Abstract: In this project, we developed a self-learning gene expression programming (GEP) methodology named SL-GEP to improve the search accuracy and efficiency of GEP. In contrast to the existing GEP variants, the proposed SL-GEP features a novel chromosome representation in which each chromosome is embedded with subfunctions that can be deployed to construct the final solution. As part of the chromosome, the subfunctions are self-learned or self-evolved by the proposed algorithm during the evolutionary search.
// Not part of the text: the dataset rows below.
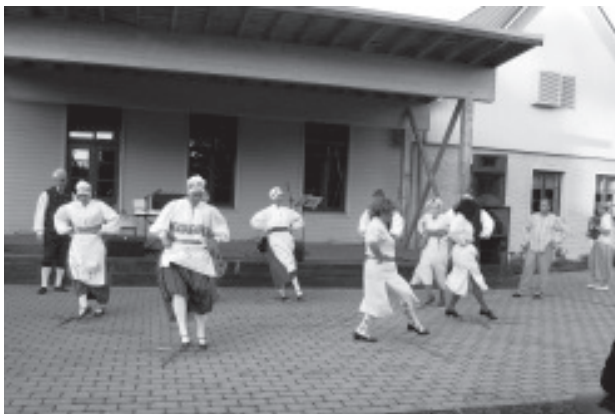
В разгаре танца

http://album.vaivaravald.ee > Külaskäigud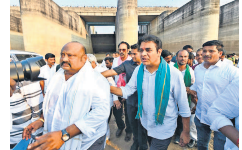
మేడిగడ్డ వద్ద కేటీఆర్, ఎమ్మెల్యేలు మాగంటి గోపీనాథ్, గంగుల కమలాకర్, తదితరులు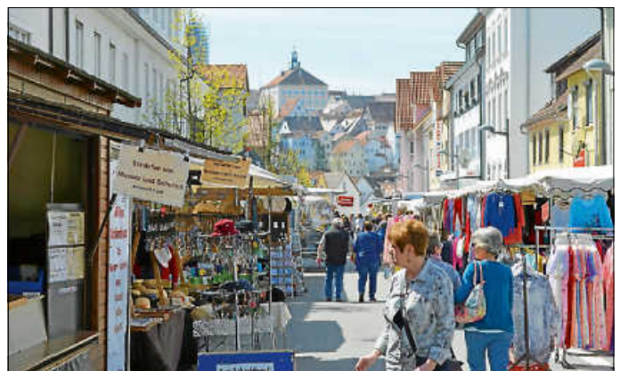
Am Donnerstag ist Michaelimarkt.

Der Hechinger Michaeli-Krämermarkt findet am Donnerstag, 26. September, in der Herrenackerstraße statt. Zahlreiche Händler werden typische Marktware – vom Hosenträger bis zum Allround-Küchenhelfer – anbieten, natürlich wird es auch eine Marktwurst geben. Geöffnet sind die Stände von 8.00 bis 18.00 Uhr.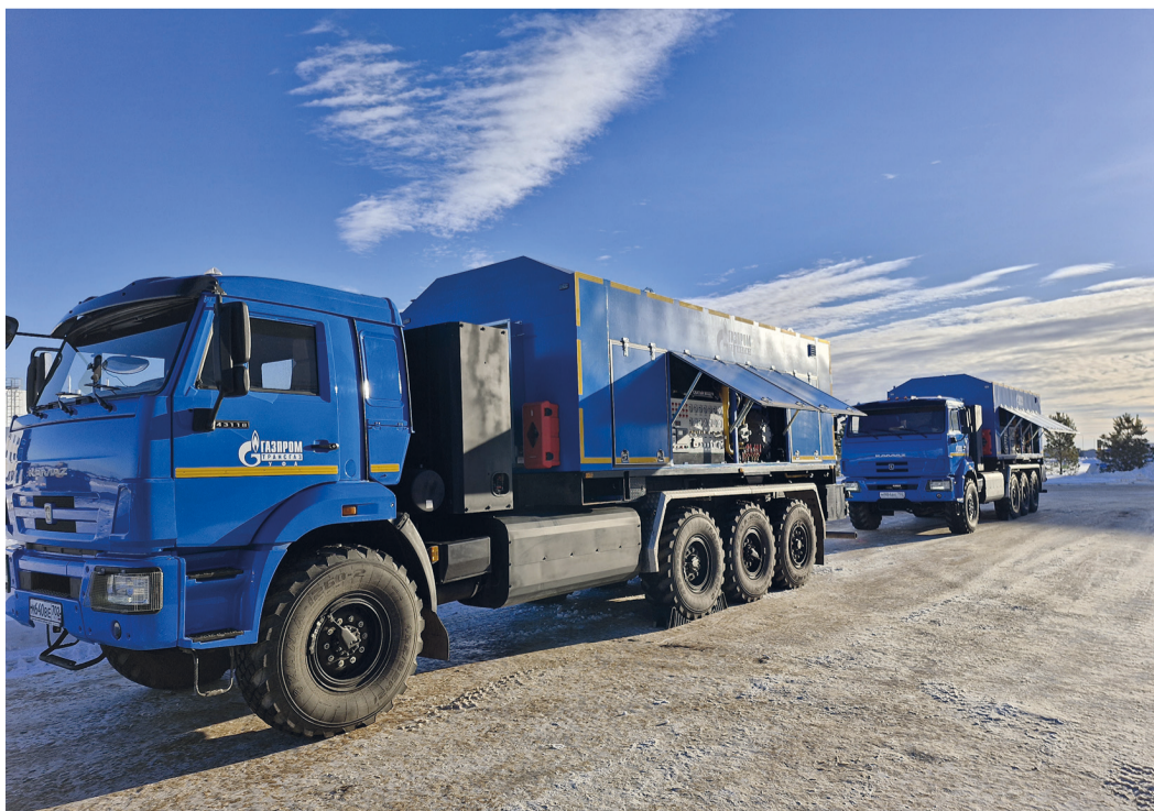
Новая техника на службе УАВР

По информации транспортного отдела.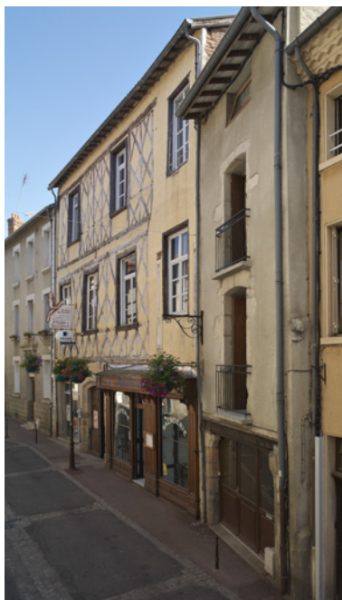
Vue de situation sur la rue de trois-quarts droit.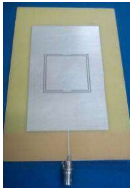
Gambar 2. Prototipe Antena Mikrostrip Double Pole-Ground Plane CSRR Tampak Depan

Berdasarkan hasil perancangan pada software CST Microwave Studio 2012 seperti terlihat pada Gambar, maka dibuat prototipe antena mikrostrip DP-GP CSRR. Dimensi prototipe antena adalah 214 mm x 134 mm.

By encompassing subfunctions or any partial solution as input arguments of another subfunction, the proposed SL-GEP facilitates the formation of sophisticated, higher-order, and constructive subfunctions that improve the accuracy and efficiency of the search. Further, a novel search mechanism based on differential evolution is proposed for the evolution of chromosomes in the SL-GEP. The proposed SL-GEP is simple, generic and has much fewer control parameters than the traditional GEP variants. The proposed SL-GEP is validated on 15 symbolic regression problems and six even-parity problems. Experimental results show that the proposed SL-GEP offers enhanced performances over several state-of-the-art algorithms in terms of accuracy and search efficiency.
Related paper:
J. Zhong, Y.-S. Ong, and W. Cai, “Self-Learning Gene Expression Programming,” IEEE Transactions on Evolutionary Computation, Vol.20, No. 1, pp.65-80, 2016.